Records shown: Begin

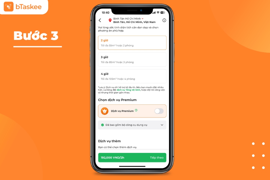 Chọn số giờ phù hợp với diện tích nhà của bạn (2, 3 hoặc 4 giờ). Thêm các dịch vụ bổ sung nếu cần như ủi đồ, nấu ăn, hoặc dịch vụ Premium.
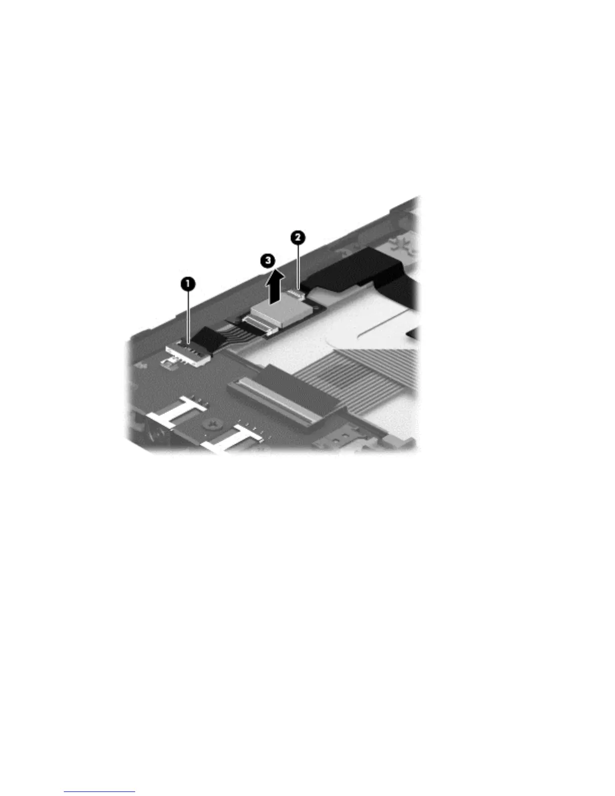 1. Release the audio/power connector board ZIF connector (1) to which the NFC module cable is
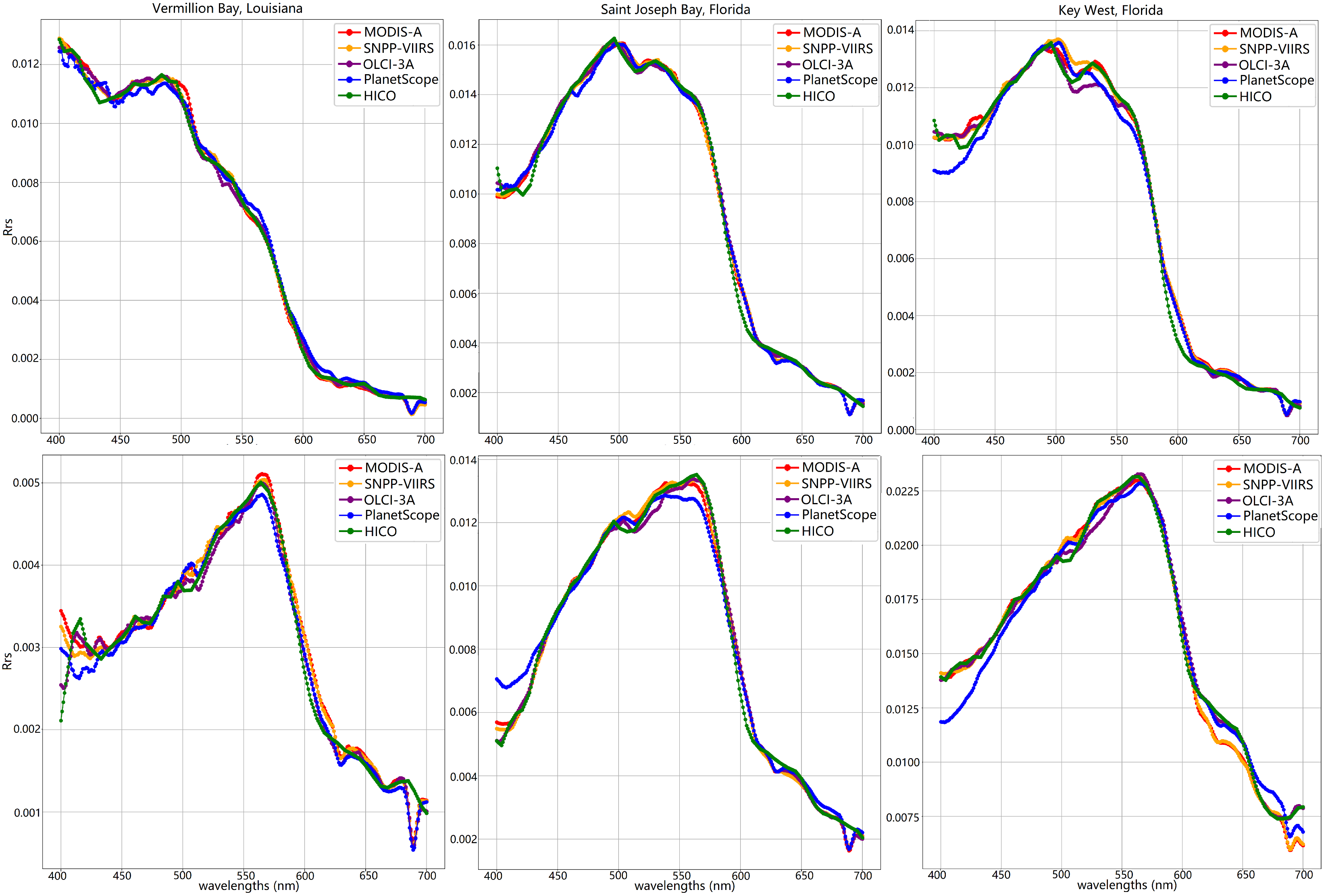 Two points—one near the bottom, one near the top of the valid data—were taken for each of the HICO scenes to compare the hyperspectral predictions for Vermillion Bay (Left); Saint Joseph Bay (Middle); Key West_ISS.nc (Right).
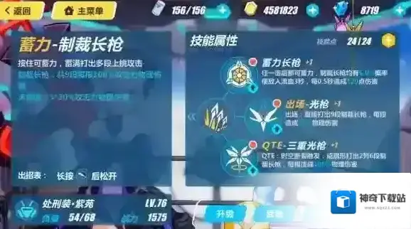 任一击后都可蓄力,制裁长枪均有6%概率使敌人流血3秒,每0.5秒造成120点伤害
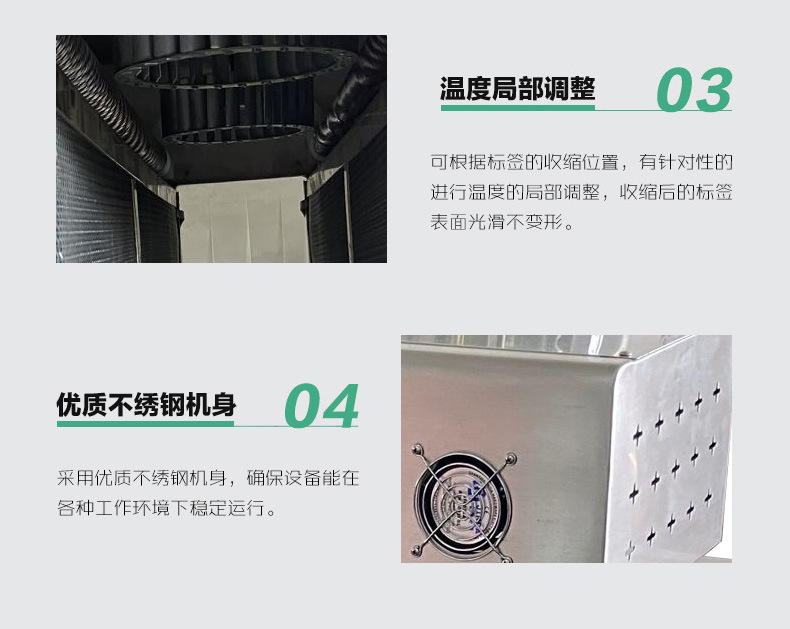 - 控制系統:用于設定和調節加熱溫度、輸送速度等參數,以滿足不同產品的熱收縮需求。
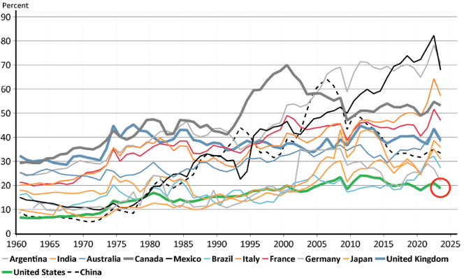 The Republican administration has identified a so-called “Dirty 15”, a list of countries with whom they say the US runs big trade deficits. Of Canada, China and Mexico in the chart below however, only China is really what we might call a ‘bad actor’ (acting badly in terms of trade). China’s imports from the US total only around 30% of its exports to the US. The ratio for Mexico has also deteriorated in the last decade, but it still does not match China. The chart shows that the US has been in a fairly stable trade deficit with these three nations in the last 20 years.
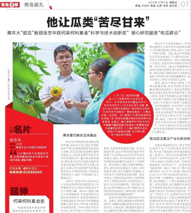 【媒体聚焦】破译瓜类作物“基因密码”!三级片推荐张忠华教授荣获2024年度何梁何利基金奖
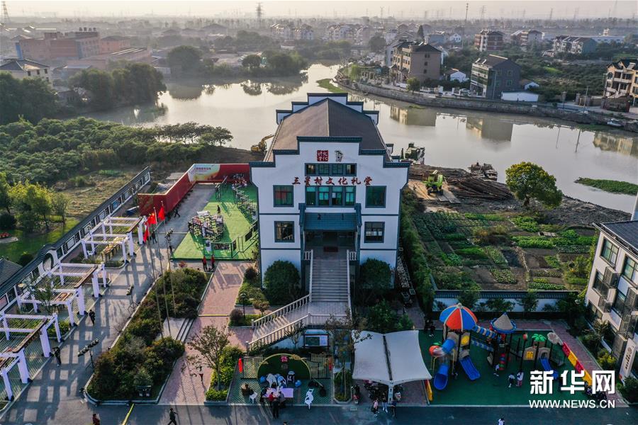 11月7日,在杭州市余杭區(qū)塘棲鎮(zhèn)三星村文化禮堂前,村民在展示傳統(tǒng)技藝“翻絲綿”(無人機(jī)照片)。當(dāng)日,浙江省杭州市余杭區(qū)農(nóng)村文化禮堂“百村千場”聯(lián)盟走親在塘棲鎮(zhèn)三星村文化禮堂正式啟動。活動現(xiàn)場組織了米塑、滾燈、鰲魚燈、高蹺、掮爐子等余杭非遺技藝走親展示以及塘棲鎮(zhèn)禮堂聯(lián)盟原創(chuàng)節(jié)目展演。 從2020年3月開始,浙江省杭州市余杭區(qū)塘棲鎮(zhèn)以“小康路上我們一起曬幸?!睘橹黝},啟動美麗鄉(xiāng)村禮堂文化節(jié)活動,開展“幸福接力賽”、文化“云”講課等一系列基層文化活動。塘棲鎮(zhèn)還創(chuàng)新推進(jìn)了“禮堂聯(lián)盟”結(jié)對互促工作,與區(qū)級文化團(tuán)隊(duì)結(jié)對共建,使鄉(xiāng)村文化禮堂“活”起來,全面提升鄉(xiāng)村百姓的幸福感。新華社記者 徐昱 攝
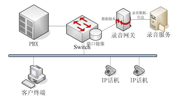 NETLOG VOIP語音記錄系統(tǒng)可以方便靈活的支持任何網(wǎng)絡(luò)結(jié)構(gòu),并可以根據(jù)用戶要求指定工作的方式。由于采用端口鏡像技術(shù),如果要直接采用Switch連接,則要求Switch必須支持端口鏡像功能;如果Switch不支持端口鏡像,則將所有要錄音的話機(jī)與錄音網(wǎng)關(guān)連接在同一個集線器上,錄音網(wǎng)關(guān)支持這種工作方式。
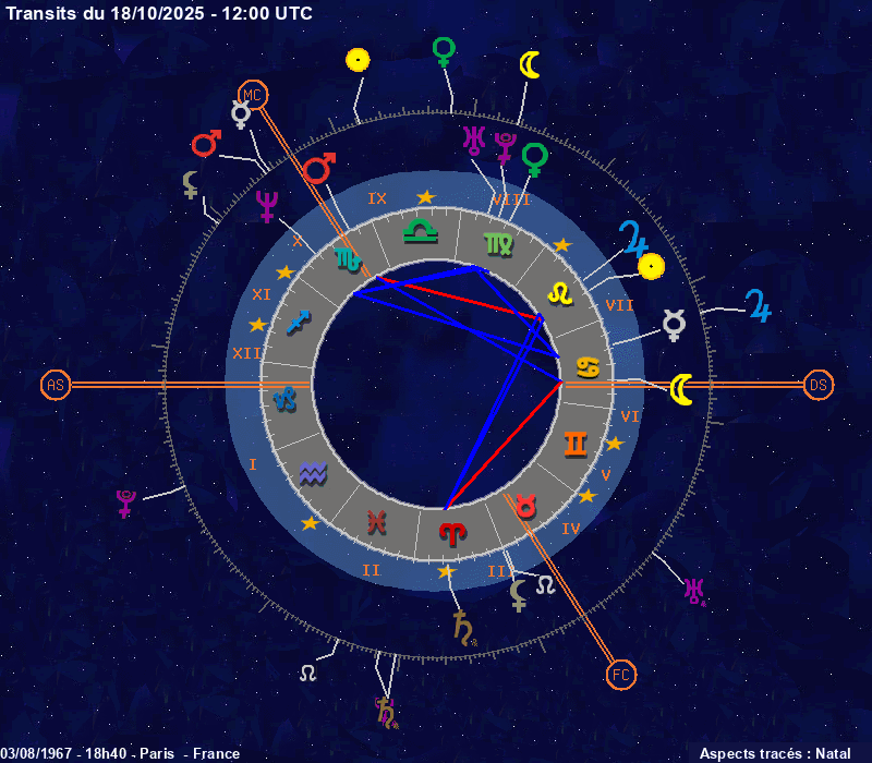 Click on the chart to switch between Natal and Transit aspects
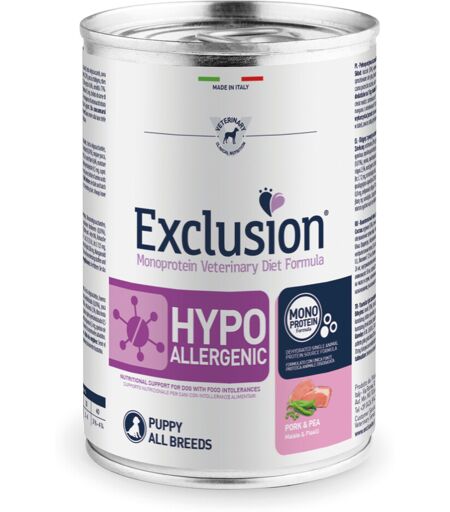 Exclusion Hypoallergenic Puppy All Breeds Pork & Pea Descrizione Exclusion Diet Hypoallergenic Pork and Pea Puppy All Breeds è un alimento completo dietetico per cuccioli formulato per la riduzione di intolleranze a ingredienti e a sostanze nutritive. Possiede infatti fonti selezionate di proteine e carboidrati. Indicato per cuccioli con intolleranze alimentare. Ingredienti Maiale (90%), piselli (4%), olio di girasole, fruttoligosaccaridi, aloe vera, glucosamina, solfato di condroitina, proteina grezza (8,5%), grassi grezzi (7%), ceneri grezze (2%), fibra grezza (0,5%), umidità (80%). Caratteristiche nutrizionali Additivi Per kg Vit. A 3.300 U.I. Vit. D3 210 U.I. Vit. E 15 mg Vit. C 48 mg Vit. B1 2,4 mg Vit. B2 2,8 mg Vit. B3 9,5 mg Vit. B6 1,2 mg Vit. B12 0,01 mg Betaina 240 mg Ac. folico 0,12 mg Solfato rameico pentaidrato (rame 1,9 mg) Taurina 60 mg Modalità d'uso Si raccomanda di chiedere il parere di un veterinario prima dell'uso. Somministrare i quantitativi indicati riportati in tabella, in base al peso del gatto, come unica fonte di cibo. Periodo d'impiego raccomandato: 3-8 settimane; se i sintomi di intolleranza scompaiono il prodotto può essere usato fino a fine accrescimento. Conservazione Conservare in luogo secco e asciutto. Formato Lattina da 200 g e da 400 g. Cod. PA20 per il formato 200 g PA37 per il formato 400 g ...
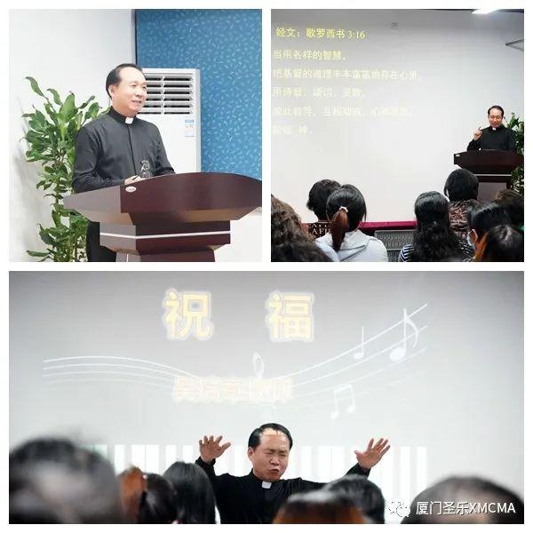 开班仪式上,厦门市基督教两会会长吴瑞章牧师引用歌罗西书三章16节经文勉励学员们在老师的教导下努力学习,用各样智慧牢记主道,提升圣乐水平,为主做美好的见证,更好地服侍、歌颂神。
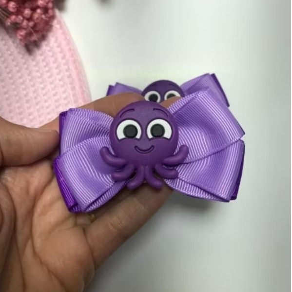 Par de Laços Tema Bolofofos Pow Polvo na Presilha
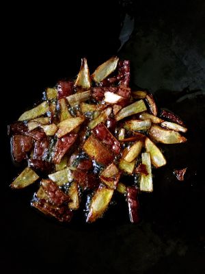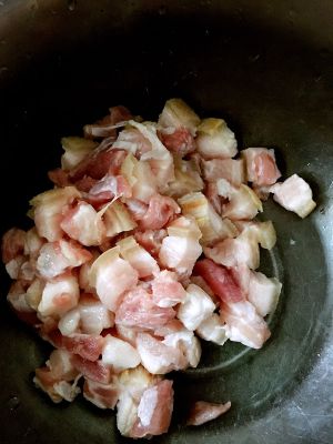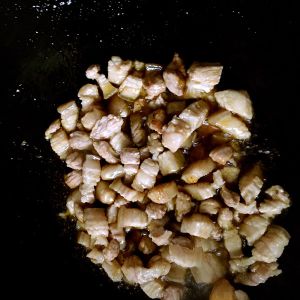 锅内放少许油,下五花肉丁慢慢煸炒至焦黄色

Records shown: End

Work required: Could you write out the records exactly while omitting every picture?

Reply:
 Chọn số giờ phù hợp với diện tích nhà của bạn (2, 3 hoặc 4 giờ). Thêm các dịch vụ bổ sung nếu cần như ủi đồ, nấu ăn, hoặc dịch vụ Premium.
 1. Release the audio/power connector board ZIF connector (1) to which the NFC module cable is
 Two points—one near the bottom, one near the top of the valid data—were taken for each of the HICO scenes to compare the hyperspectral predictions for Vermillion Bay (Left); Saint Joseph Bay (Middle); Key West_ISS.nc (Right).
 任一击后都可蓄力,制裁长枪均有6%概率使敌人流血3秒,每0.5秒造成120点伤害
 - 控制系統:用于設定和調節加熱溫度、輸送速度等參數,以滿足不同產品的熱收縮需求。
 The Republican administration has identified a so-called “Dirty 15”, a list of countries with whom they say the US runs big trade deficits. Of Canada, China and Mexico in the chart below however, only China is really what we might call a ‘bad actor’ (acting badly in terms of trade). China’s imports from the US total only around 30% of its exports to the US. The ratio for Mexico has also deteriorated in the last decade, but it still does not match China. The chart shows that the US has been in a fairly stable trade deficit with these three nations in the last 20 years.
 【媒体聚焦】破译瓜类作物“基因密码”!三级片推荐张忠华教授荣获2024年度何梁何利基金奖
 11月7日,在杭州市余杭區(qū)塘棲鎮(zhèn)三星村文化禮堂前,村民在展示傳統(tǒng)技藝“翻絲綿”(無人機(jī)照片)。當(dāng)日,浙江省杭州市余杭區(qū)農(nóng)村文化禮堂“百村千場”聯(lián)盟走親在塘棲鎮(zhèn)三星村文化禮堂正式啟動。活動現(xiàn)場組織了米塑、滾燈、鰲魚燈、高蹺、掮爐子等余杭非遺技藝走親展示以及塘棲鎮(zhèn)禮堂聯(lián)盟原創(chuàng)節(jié)目展演。 從2020年3月開始,浙江省杭州市余杭區(qū)塘棲鎮(zhèn)以“小康路上我們一起曬幸?!睘橹黝},啟動美麗鄉(xiāng)村禮堂文化節(jié)活動,開展“幸福接力賽”、文化“云”講課等一系列基層文化活動。塘棲鎮(zhèn)還創(chuàng)新推進(jìn)了“禮堂聯(lián)盟”結(jié)對互促工作,與區(qū)級文化團(tuán)隊(duì)結(jié)對共建,使鄉(xiāng)村文化禮堂“活”起來,全面提升鄉(xiāng)村百姓的幸福感。新華社記者 徐昱 攝
 NETLOG VOIP語音記錄系統(tǒng)可以方便靈活的支持任何網(wǎng)絡(luò)結(jié)構(gòu),并可以根據(jù)用戶要求指定工作的方式。由于采用端口鏡像技術(shù),如果要直接采用Switch連接,則要求Switch必須支持端口鏡像功能;如果Switch不支持端口鏡像,則將所有要錄音的話機(jī)與錄音網(wǎng)關(guān)連接在同一個集線器上,錄音網(wǎng)關(guān)支持這種工作方式。
 Click on the chart to switch between Natal and Transit aspects
 Exclusion Hypoallergenic Puppy All Breeds Pork & Pea Descrizione Exclusion Diet Hypoallergenic Pork and Pea Puppy All Breeds è un alimento completo dietetico per cuccioli formulato per la riduzione di intolleranze a ingredienti e a sostanze nutritive. Possiede infatti fonti selezionate di proteine e carboidrati. Indicato per cuccioli con intolleranze alimentare. Ingredienti Maiale (90%), piselli (4%), olio di girasole, fruttoligosaccaridi, aloe vera, glucosamina, solfato di condroitina, proteina grezza (8,5%), grassi grezzi (7%), ceneri grezze (2%), fibra grezza (0,5%), umidità (80%). Caratteristiche nutrizionali Additivi Per kg Vit. A 3.300 U.I. Vit. D3 210 U.I. Vit. E 15 mg Vit. C 48 mg Vit. B1 2,4 mg Vit. B2 2,8 mg Vit. B3 9,5 mg Vit. B6 1,2 mg Vit. B12 0,01 mg Betaina 240 mg Ac. folico 0,12 mg Solfato rameico pentaidrato (rame 1,9 mg) Taurina 60 mg Modalità d'uso Si raccomanda di chiedere il parere di un veterinario prima dell'uso. Somministrare i quantitativi indicati riportati in tabella, in base al peso del gatto, come unica fonte di cibo. Periodo d'impiego raccomandato: 3-8 settimane; se i sintomi di intolleranza scompaiono il prodotto può essere usato fino a fine accrescimento. Conservazione Conservare in luogo secco e asciutto. Formato Lattina da 200 g e da 400 g. Cod. PA20 per il formato 200 g PA37 per il formato 400 g ...
 开班仪式上,厦门市基督教两会会长吴瑞章牧师引用歌罗西书三章16节经文勉励学员们在老师的教导下努力学习,用各样智慧牢记主道,提升圣乐水平,为主做美好的见证,更好地服侍、歌颂神。
 Par de Laços Tema Bolofofos Pow Polvo na Presilha
 锅内放少许油,下五花肉丁慢慢煸炒至焦黄色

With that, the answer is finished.